RE: character encoding from Melanie Stallings on 2008-05-23 (public-exi@w3.org from May 2008)

From: Melanie Stallings <ms.protrain@yahoo.com>
Date: Fri, 23 May 2008 12:36:59 -0700 (PDT)
To: public-exi@w3.org
Message-ID: <735056.61087.qm@web63013.mail.re1.yahoo.com>

Taki,

Thank you for your response. I still have some questions.

About the Universal Character Set, Wikipedia says: "The Universal Character Set (UCS) is defined by the ISO/IEC 10646 International Standard as a character set on which many encodings are based."

My question revolves around the "on which many encodings are based" portion of that sentence. As far as I can tell UCS does not contain any information on how each character is to be encoded.

About the ISO 10646 Wikipedia says: "ISO 10646 defines several character encoding forms for the Universal Character Set." Some examples listed are USC-2, UCS-4, UTF-8 and UTF-16.

In your email you referred to the Unicode Character Database, but not a specific encoding scheme.

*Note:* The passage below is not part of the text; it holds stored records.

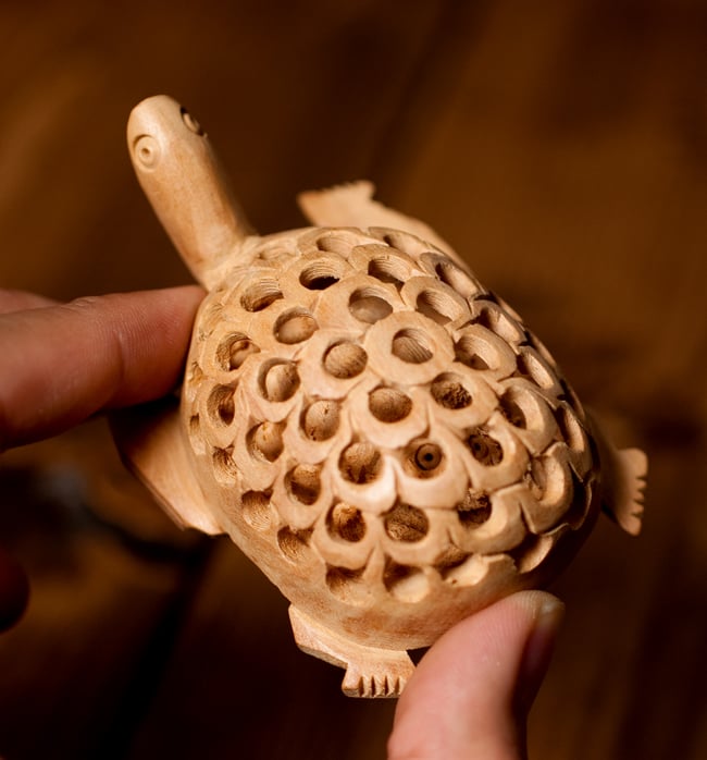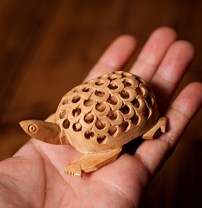 【一木造り】インド職人の手作り透かし彫り木像 ジャリ - タートルの写真【一木造り】インド職人の手作り透かし彫り木像 ジャリ - タートル 2 - 拡大写真です。すべて手づくりの一木造!ハンドメイドのぬくもりに、まるで生きているかのような躍動感があります。【一木造り】インド職人の手作り透かし彫り木像 ジャリ - タートル 3 - 上からの写真です【一木造り】インド職人の手作り透かし彫り木像 ジャリ - タートル 4 - 前からの写真です【一木造り】インド職人の手作り透かし彫り木像 ジャリ - タートル 5 - 後ろはこのようになっております【一木造り】インド職人の手作り透かし彫り木像 ジャリ - タートル 6 - 透かし彫りの中には、小さな外と同じ像が彫られています。ドリルであけた穴からノミを使い作るのは骨の折れる作業です。【一木造り】インド職人の手作り透かし彫り木像 ジャリ - タートル 7 - このくらいのサイズ感です。いろいろな所に置きやすいサイズです。【一木造り】インド職人の手作り透かし彫り木像 ジャリ - タートル 8 - 天然の木を使用し、すべて手づくりで職人がつくっている為、このようにそれぞれ個体差がございます。
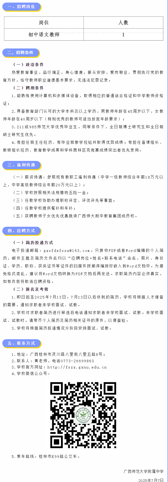 2025年廣西師范大學(xué)附屬中學(xué)面向全國(guó)急聘初中語(yǔ)文教師1名
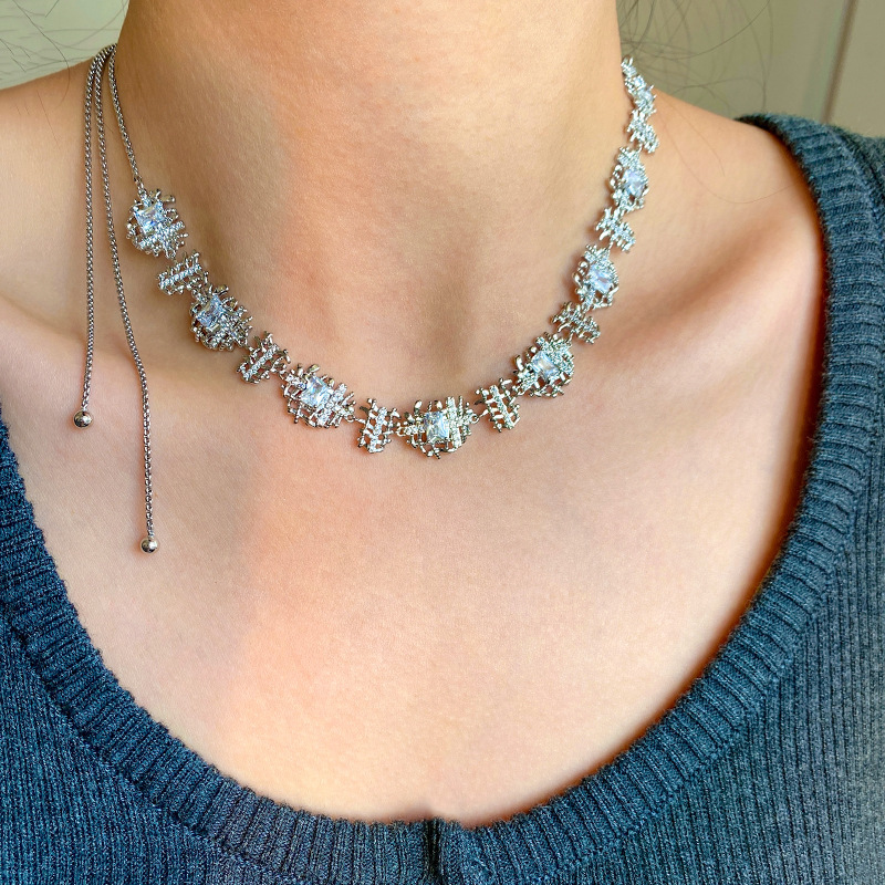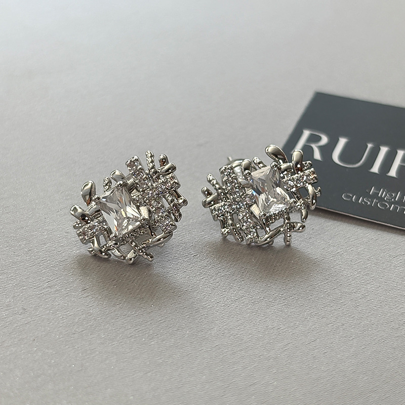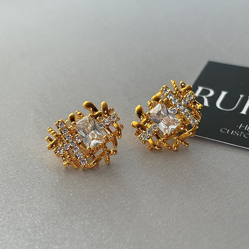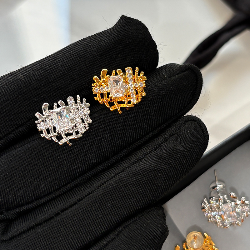 S925纯银针小众高级感锆石耳钉真金加厚电镀独特设计感几何形耳环

About Unicode Wikipedia says: "Unicode can be implemented by different character encodings. The most commonly used encodings are UTF-8 (which uses 1 byte for all ASCII characters, which have the same code values as in the standard ASCII encoding, and up to 4 bytes for other characters)".

I have to laugh at myself. It's likely that Wikipedia may not be the best source for my "education" on character set / character encoding.

I had my fingers crossed that your answer to my original question would be "Ah, yes. Use the UTF-8 encoding." That's what we use internally in our product. Oh how convenient that would be!

I hope I am effectively communicating my question. Please help set me straight.

Sincerely,

Melanie

Received on Friday, 23 May 2008 19:37:40 UTC